The 66th edition of Locarno was the first under artistic director Carlo Chatrian, who’s continued the festival’s delicate balance between high-profile films and smaller experimental works. Among those honored by the festival were Sir Christopher Lee, Werner Herzog, Jacqueline Bisset, Victoria Abril, and Douglas Trumbull. As evidence of the enthusiasm with which locals and international visitors alike took to the films on offer, meanwhile, the speed with which an extra, popular-demand screening of Marc Bauder’s Master of the Universe sold out is a good example. As one of the last few to nab a seat for the early-morning Tuesday showing of this riveting insider-view documentary about a German banker, I couldn’t help but wonder what the Swiss do for a living.

The horizontal diversity on display at Locarno this year was matched by a vertical gradient in quality. I saw the best film of the year there, and also the worst. The less column space given to Quentin Dupieux’s Wrong Cops the better, while I was so enthralled by Albert Serra’s Story of My Death that I saw it three times in four days. Billed as the film in which Casanova (Vincenç Altaió) meets Dracula (Eliseu Huertas), Serra’s slow-burn 150-minute romp depicts in enchanting natural light the revolutionary shift from the Enlightenment to irrationalism. Broadly symbolic, the film is also detailed enough that we can see particles of dust move through the air; it’s as if the very atmosphere is charged with transition.

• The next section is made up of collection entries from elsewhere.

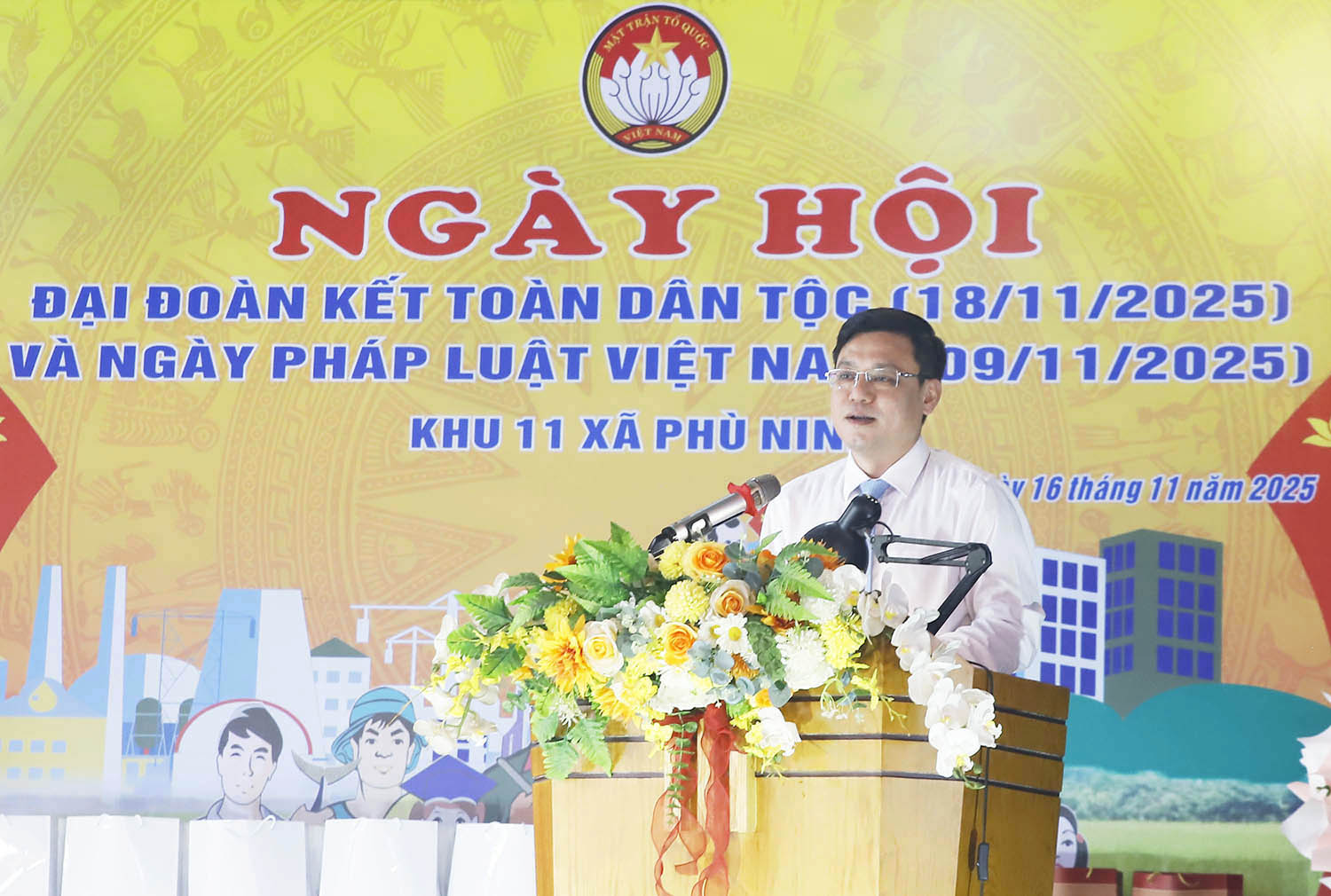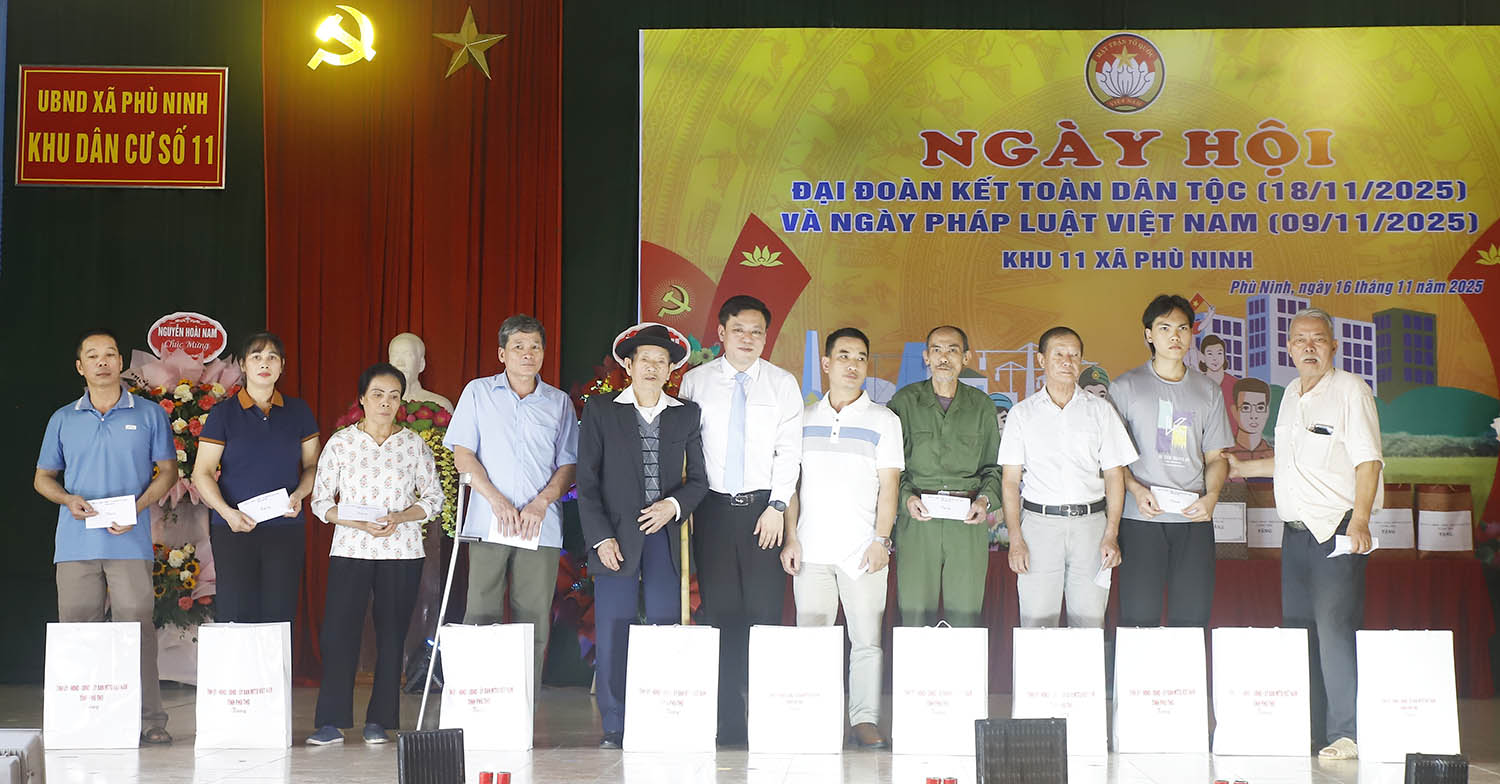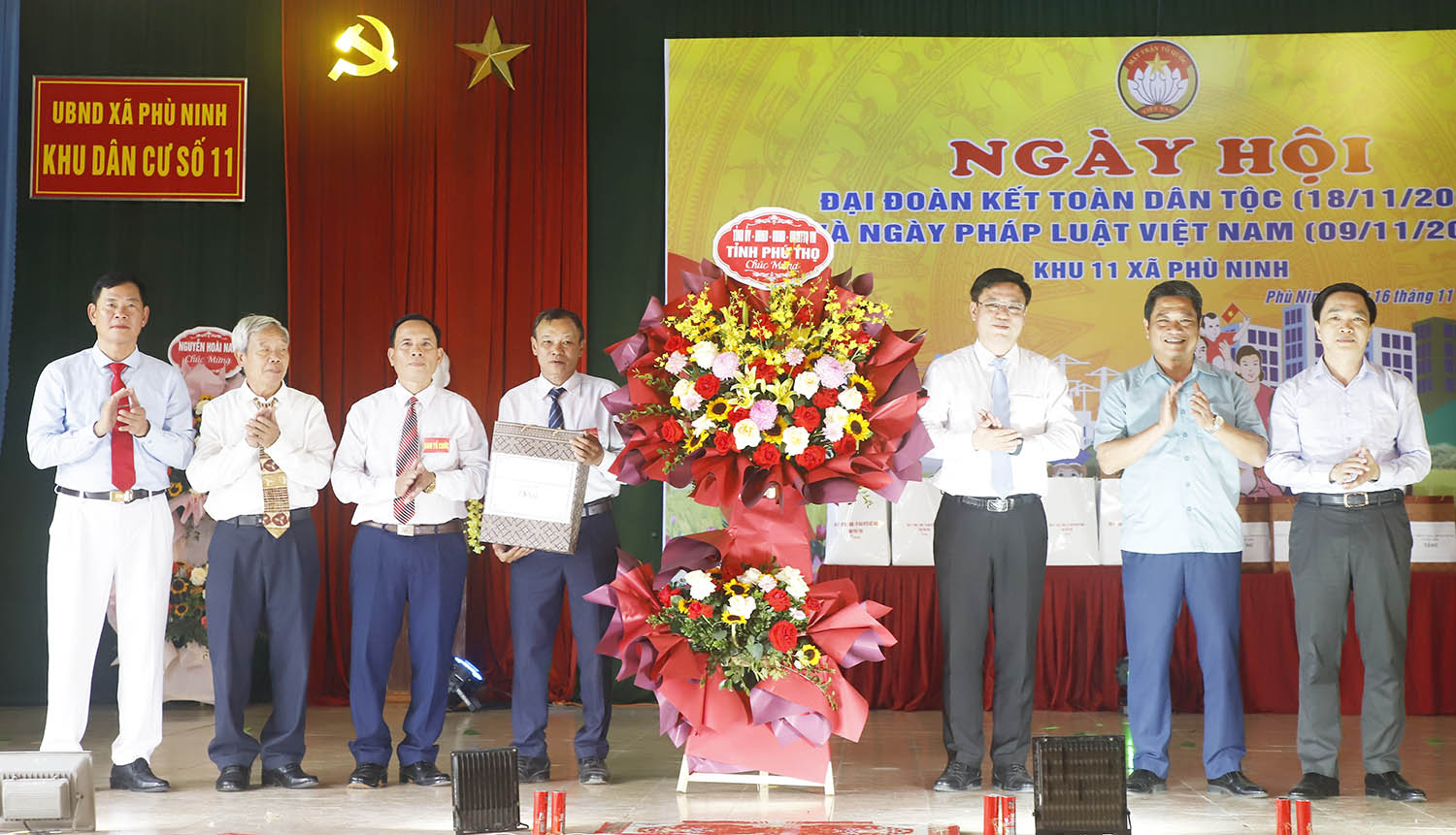 Đồng chí Hoàng Xuân Giao - Tỉnh ủy viên, Phó Chủ tịch Ủy ban MTTQ tỉnh, Chủ tịch Hội Nông dân tỉnh tới dự và chung vui Ngày hội với Nhân dân khu 11, xã Phù Ninh. Cùng dự có đại diện lãnh đạo Sở Dân tộc và Tôn giáo, Sở Tư pháp; Đảng ủy, UBND xã Phù Ninh.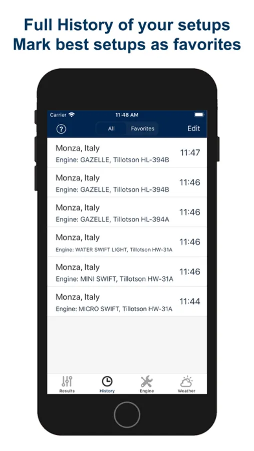 • History: This tab contains the history of all carburetor configs. This tab also contains your favorite carburetor configs.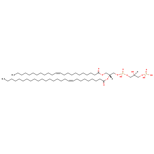 | YMDB02390 | CL(10:0/10:0/16:1(11Z)/26:1(9Z)) | [(2S)-3-({[(2R)-2,3-bis(decanoyloxy)propoxy](hydroxy)phosphoryl}oxy)-2-hydroxypropoxy][(2R)-2-[(10Z)-heptacos-10-enoyloxy]-3-[(11Z)-hexadec-11-enoyloxy]propoxy]phosphinic acid | C72H136O17P2 1335.811 | |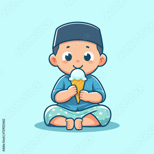 cute muslim boy sitting while eating ice cream cartoon vector illustration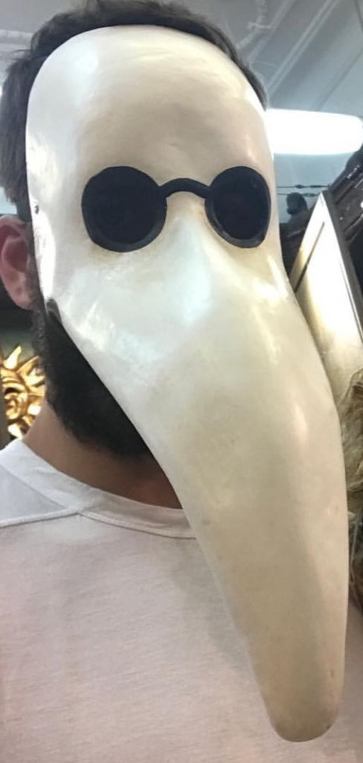 foto li ritrae in un negozio di costumi, con indosso…una maschera. Nera per la popstar,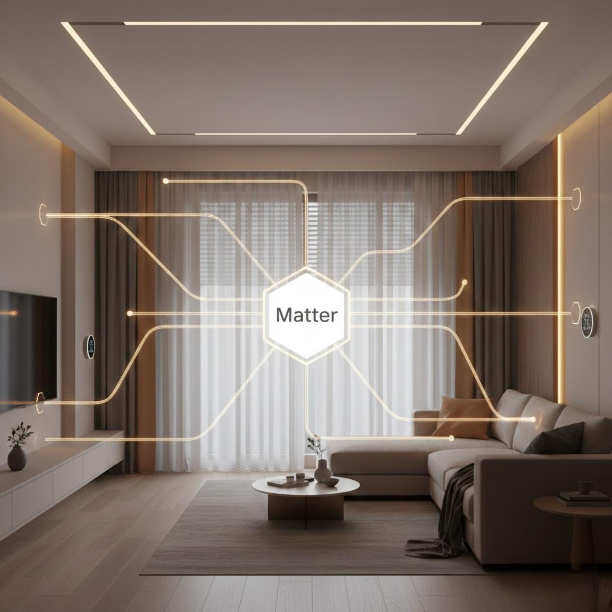 Matter là một tiêu chuẩn ứng dụng mở cho Smart Home, cho phép thiết bị từ nhiều thương hiệu hoạt động cùng nhau một cách tương thích, an toàn và đơn giản. Nó là “ngôn ngữ chung” giữa các thiết bị IoT từ nhiều hãng khác nhau.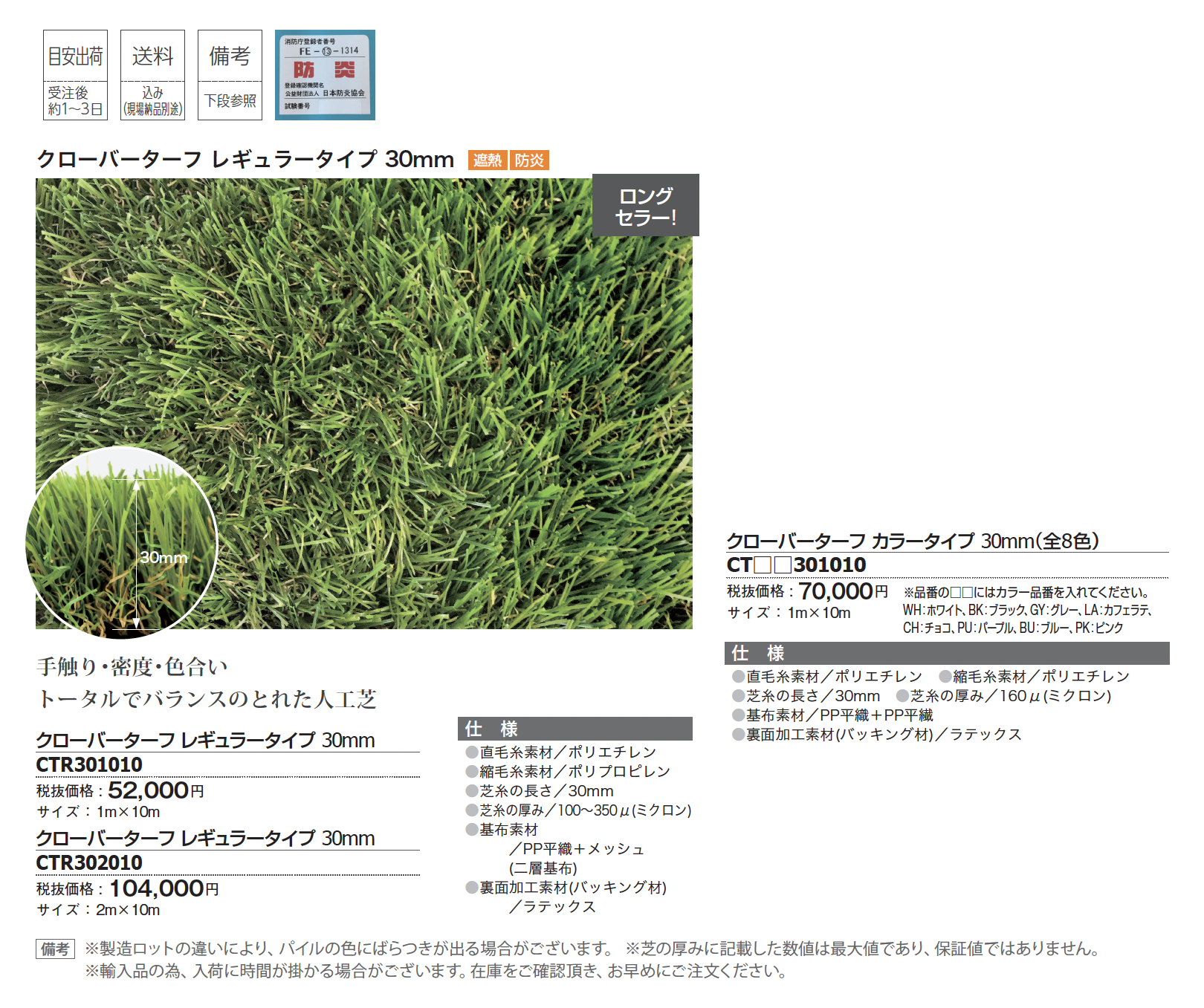 | 新旧品 | 人工芝 クローバーターフ レギュラータイプ【2025年版】(ギャザー2025 vol.14)クローバーターフ レギュラータイプ【2024年版】(ギャザー2024 vol.13) |

While Serra’s film was the deserving recipient of the top prize, the Golden Leopard, Lois Patiño won the Best Emerging Director Award following the world premiere of his feature-length debut, Costa da Morte. Named after the Galician coastline on which it was filmed, this essay film flattens both history and landscape with some wonderful digital photography. Midway through, it pays brief homage to James Benning’s Casting a Glance (2007) with a becalming sequence in which the water levels of a canal go up and down and up again. Elsewhere, Zhengfan Yang’s Distant also engaged with landscape, with over 13 fixed-camera compositions in which, to wry effect, far-off characters interact with their surroundings. Also Benningian in degrees, Yang’s feature debut held me in its grip whenever I wasn’t asleep—a double-edged confession that says more about my levels of stamina than it does the film itself.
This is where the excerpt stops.